Тоня, двигаясь, как сомнамбула, подает ему вилку и нож. Утесов усаживается рядом с оцепеневшим Валентином на коврик перед стульчаком, и накалывает на вилку жареную картошечку.
Из Минска оркестр Утесова переезжает в Ленинград. Поезд останавливается на какой-то станции. Утесов и Дита выходят из своего купе в коридор, смотрят в окно. На перроне торгуют немудреной снедью крестьянки.
Утесов спускается на перрон к проводнице:
– Чего стоим?
– Санитарный вагон цепляют. Раненых подвезли…
Мимо проходит бойкая торговка с миской аппетитных пышек.
– Снимай деньги со сберкнижки – покупай мои пышки! Налетай поскорей – денег не жалей!
– Артистка! – кивает проводнице на торговку Утесов.
Торговка бросает взгляд на него и застывает, как громом пораженная:
– Это… вы? Товарищ… Утесов!
Утесов мягко улыбается и поворачивает к вагону. Но торговка преграждает ему путь, сует в руки миску с пышками.
– Угощайтесь! От всей души! Вы – мой любимый артист! У меня и фотка ваша – в красном углу!
– Ну, в красном-то чересчур…
– А бога же отменили, так кого туда весить?
Утесов пытается вернуть ей миску, но торговка упорствует.
– Берите, берите! И сыночка своего угостите!
– У меня дочка…
– Кому вы рассказываете? Народ вас любит и все про вас знает… И про сыночка малолетнего, и что три раза женаты, и что дом ваш прям на Красной площади стоит!
Утесов смеется. Паровоз гудит. Проводница торопит:
– Леонид Осипович, отправляемся!
Утесов вскакивает на подножку и опять пытается вернуть миску, но торговка даже отпрыгивает в сторону:
– Нет-нет, это вам от всего народа!
Утесов идет по вагону, прижимая к груди миску пышек:
– И что мне с этим делать?
– Есть, – улыбается проводница.
– Морда лопнет! Минуточку… А где санитарный вагон?
В санитарном вагоне Утесов угощает раненых пышками – ходячие берут сами, лежачим он подает.
– Кушайте, хлопчики! Кушайте, выздоравливайте!

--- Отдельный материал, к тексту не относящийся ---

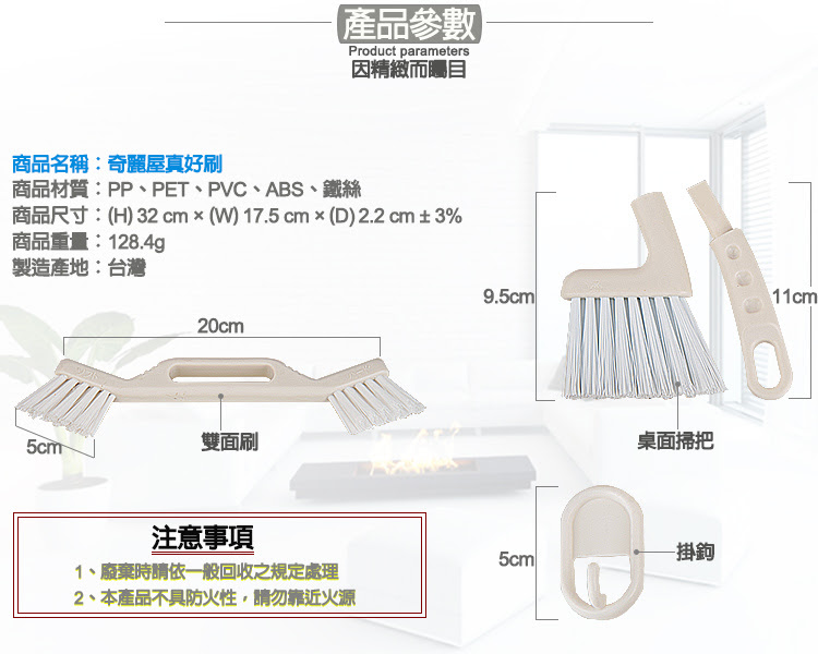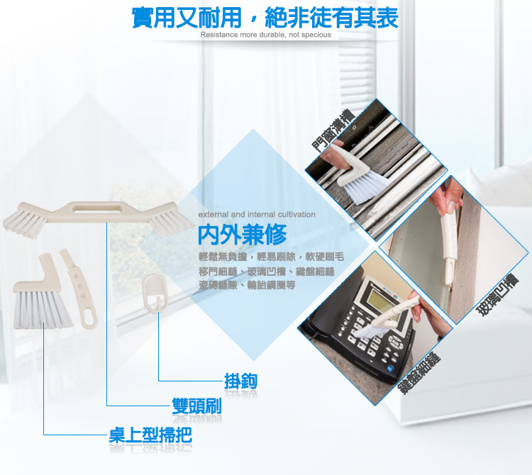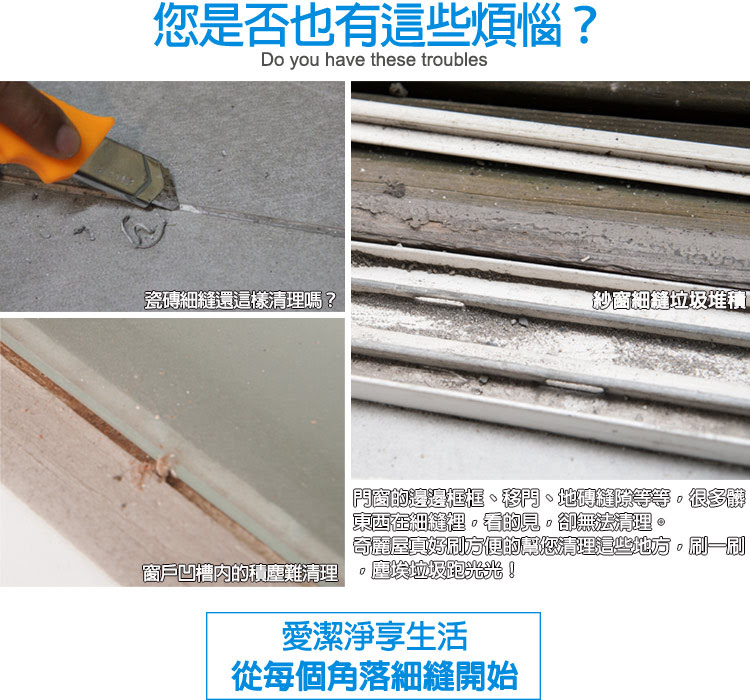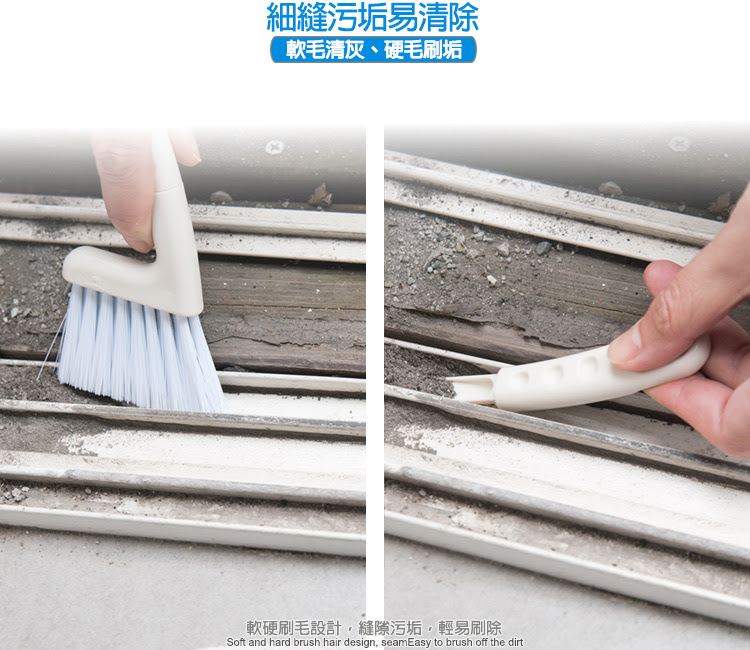 特製PVC高彈力刷毛,耐磨耐刷且去污力超強外型符合人體工學設計,好握好拿,使用起來格外輕鬆無負擔軟硬刷毛設計,隙縫污垢輕易刷除採用刮除式刷柄,污垢輕易刮除細縫灰塵輕易掃除

– Леонид Осипович, – спрашивает парень на костыле, – а когда войне конец?
– Думаю, ты уже повоевать не успеешь. Фрицев так погнали, что у них только пятки сверкают! А вы, хлопчики, откуда?
Со всех полок несутся голоса:
– Из Новгорода! Мы самарские! Ереван! Вологда! Алма-Ата!
Юная конопатая медсестричка смущенно говорит:
– А я из Одессы…
– Это же ж и так видно, – улыбается Утесов. – Где же такие красавицы, если не в Одессе!
На верхней полке лежит пластом весь перебинтованный солдатик. Утесов протягивает ему пышку. Солдатик берет угощение, но рука его бессильно падает. Медсестричка перехватывает пышку.
– Витюша, я потом тебя покормлю… – Она шепчет Утесову: – Совсем плохой, полостное ранение.
Утесов гладит бессильную руку солдата:
– Сколько ж лет тебе, хлопчик?
– Девятнадцать… Будет…
Утесов сглатывает ком в горле, улыбается через силу:
– Ну, значит, до свадьбы все заживет!
– Спойте… – еле шевелит губами раненый. – Пожалуйста, спойте…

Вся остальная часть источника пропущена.